* **Exercise aim**
Below are lines of data, and only some are wanted. Please repeat exactly those from the line that has "煙花太美,美得有了些魅惑的味" through the line that has "Su suela tiene".

* **Exercise data**
==================================================

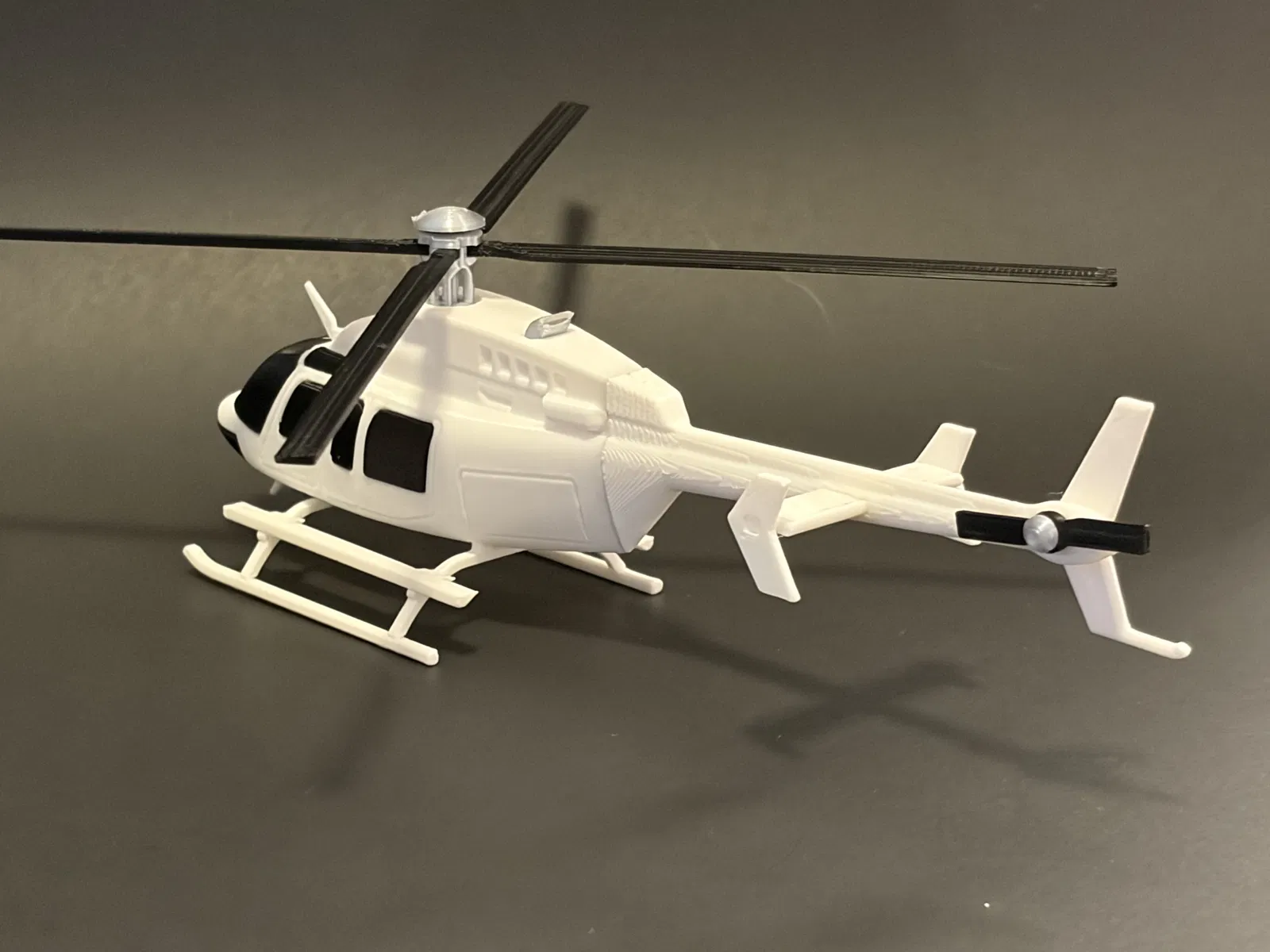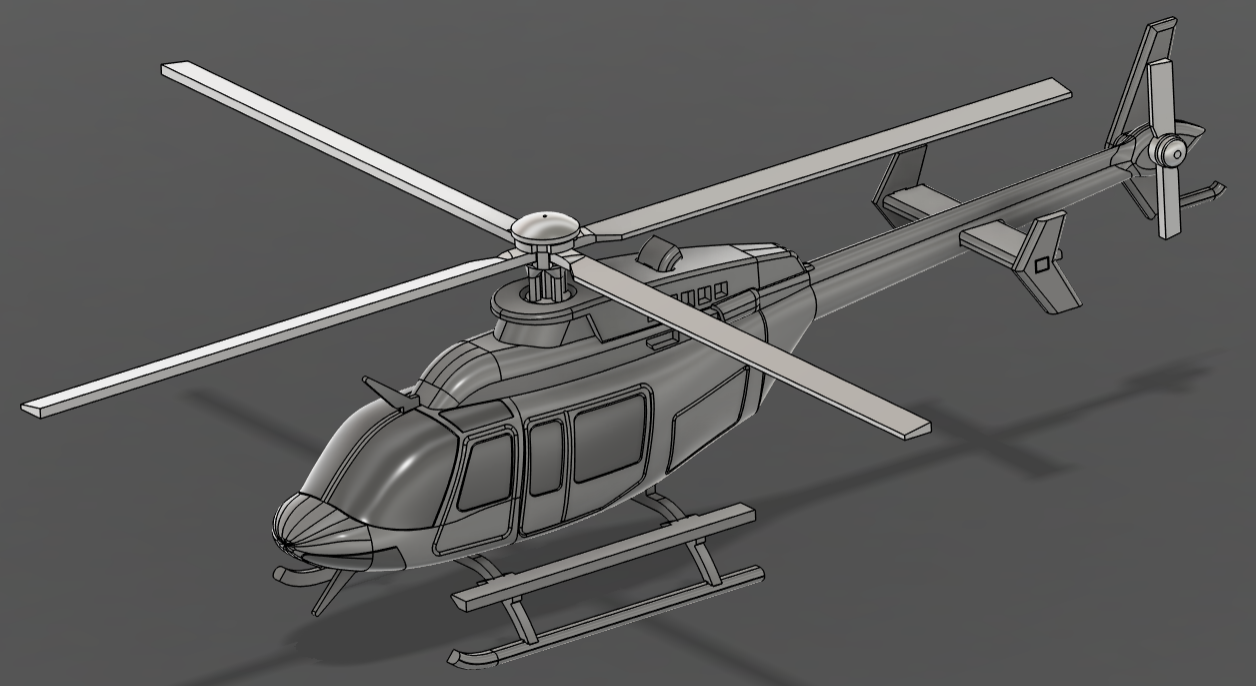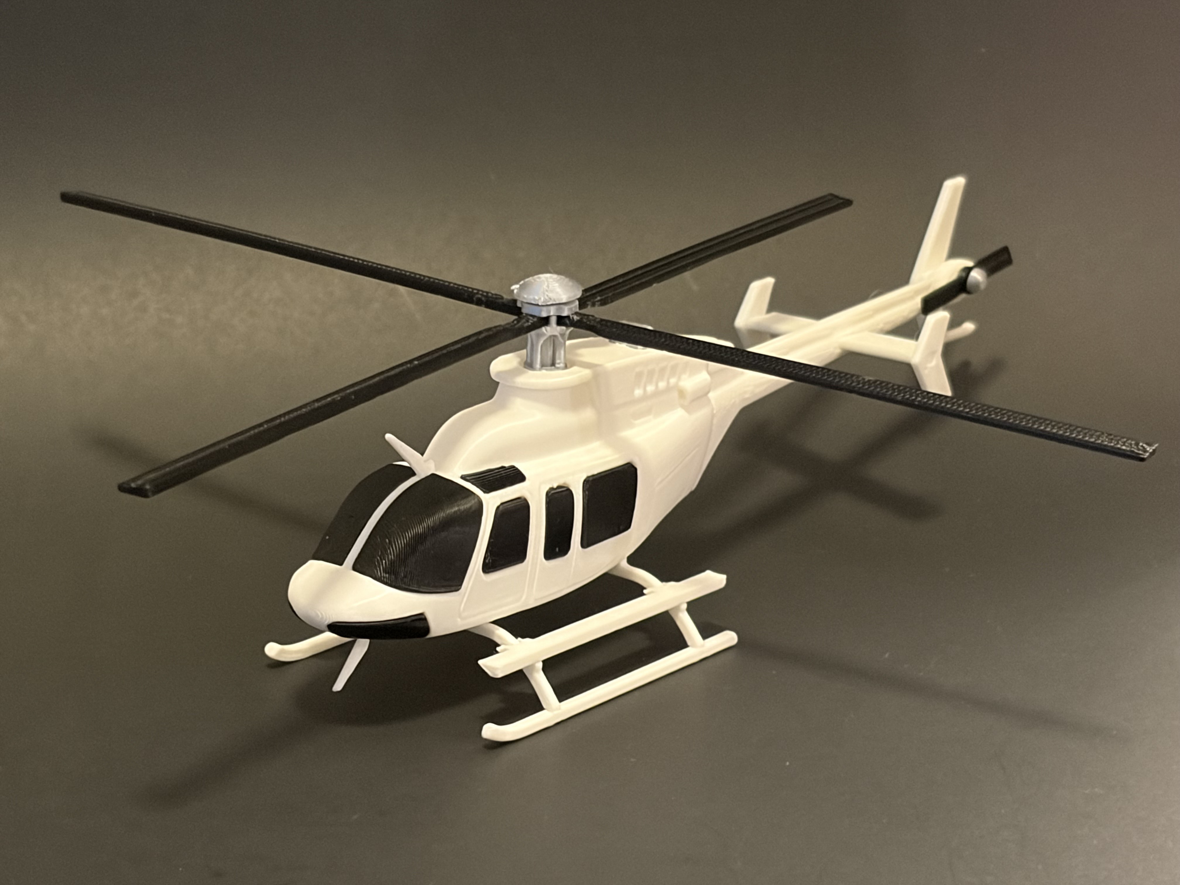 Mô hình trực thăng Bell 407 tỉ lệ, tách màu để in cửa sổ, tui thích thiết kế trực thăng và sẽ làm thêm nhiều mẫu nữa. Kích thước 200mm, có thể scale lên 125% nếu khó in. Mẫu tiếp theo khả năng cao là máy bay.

==================================================

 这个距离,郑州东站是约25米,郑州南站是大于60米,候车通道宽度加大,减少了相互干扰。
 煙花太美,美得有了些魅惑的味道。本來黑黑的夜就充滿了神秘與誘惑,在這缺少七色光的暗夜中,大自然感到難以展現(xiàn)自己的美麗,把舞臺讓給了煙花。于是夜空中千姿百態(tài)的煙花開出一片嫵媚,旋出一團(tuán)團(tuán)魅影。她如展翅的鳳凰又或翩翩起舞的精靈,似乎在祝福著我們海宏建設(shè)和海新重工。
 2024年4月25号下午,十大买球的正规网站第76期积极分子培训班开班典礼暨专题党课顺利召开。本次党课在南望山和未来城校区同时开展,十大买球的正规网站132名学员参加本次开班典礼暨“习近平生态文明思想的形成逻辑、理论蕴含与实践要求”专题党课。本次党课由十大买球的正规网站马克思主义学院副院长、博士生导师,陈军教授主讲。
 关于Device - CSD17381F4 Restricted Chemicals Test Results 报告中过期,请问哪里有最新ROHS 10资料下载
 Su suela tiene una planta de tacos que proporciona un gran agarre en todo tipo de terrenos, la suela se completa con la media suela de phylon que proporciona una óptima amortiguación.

==================================================

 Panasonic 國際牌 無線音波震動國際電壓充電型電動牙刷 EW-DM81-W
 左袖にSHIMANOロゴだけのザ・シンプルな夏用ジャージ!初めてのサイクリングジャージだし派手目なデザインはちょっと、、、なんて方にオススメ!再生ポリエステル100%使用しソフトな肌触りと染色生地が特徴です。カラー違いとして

==================================================

* **Answer area**
 煙花太美,美得有了些魅惑的味道。本來黑黑的夜就充滿了神秘與誘惑,在這缺少七色光的暗夜中,大自然感到難以展現(xiàn)自己的美麗,把舞臺讓給了煙花。于是夜空中千姿百態(tài)的煙花開出一片嫵媚,旋出一團(tuán)團(tuán)魅影。她如展翅的鳳凰又或翩翩起舞的精靈,似乎在祝福著我們海宏建設(shè)和海新重工。
 2024年4月25号下午,十大买球的正规网站第76期积极分子培训班开班典礼暨专题党课顺利召开。本次党课在南望山和未来城校区同时开展,十大买球的正规网站132名学员参加本次开班典礼暨“习近平生态文明思想的形成逻辑、理论蕴含与实践要求”专题党课。本次党课由十大买球的正规网站马克思主义学院副院长、博士生导师,陈军教授主讲。
 关于Device - CSD17381F4 Restricted Chemicals Test Results 报告中过期,请问哪里有最新ROHS 10资料下载
 Su suela tiene una planta de tacos que proporciona un gran agarre en todo tipo de terrenos, la suela se completa con la media suela de phylon que proporciona una óptima amortiguación.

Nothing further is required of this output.